A printer characterization attempts to map, in both directions, corresponding points in colorant and colorimetric spaces. Two limiting approaches are used: analytical models based on a small number of samples, and direct measurement and interpolation requiring many samples. For six-color
printers, the former approach often has insufficient accuracy whereas the latter approach requires an excessive number of samples. An intermediate approach was used to characterize a CMYKGO ink jet printer, the Cellular-Yule-Nielsen-Spectral-Neugebauer (CYNSN) model. This model included an
optimized Yule-Nielsen n value and onedimensional look-up tables between digital data and effective area coverage for each colorant. Each colorant was divided into three subspaces, or cells, requiring the selection of two intermediate values and fixed endpoints of 0% and 100% effective
area coverage. An optimization was performed that determined these intermediate values by minimizing the maximum spectral error when one-colorant CYNSN models were used to predict 256-step ramps. This technique enabled a considerable reduction of the total number of required samples from several
hundreds of thousands to 4,096, the required number of cellular Neugebauer primaries. Of these colors, only 1,024 could be printed; the remainder was non-printable due to inkblots.
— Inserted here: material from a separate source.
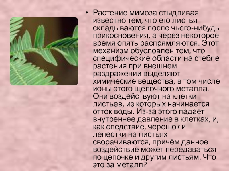 прикосновения, а через некоторое время опять распрямляются. Этот механизм обусловлен тем, что специфические области на стебле растения при внешнем раздражении выделяют химические вещества, в том числе ионы этого щелочного металла. Они воздействуют на клетки листьев, из которых начинается отток воды. Из-за этого падает внутреннее давление в клетках, и, как следствие, черешок и лепестки на листьях сворачиваются, причём данное воздействие может передаваться по цепочке и другим листьям. Что это за металл?

A third optimization synthesized the spectral properties of the non-printable cellular primaries using weighted
spectral regression, the weighting a function of colorant-space location. The CYNSN model based on these three optimizations was able to predict 600 random colors sampling the colorimetric gamut to an average spectral RMS error of less than 0.5% and ΔE00 of less than
1.0. The color gamut achievable using the synthesized spectra was 54% larger in colorant space and 15% larger in CIELAB space than that achievable when limiting the CYNSN model to printable cellular primaries.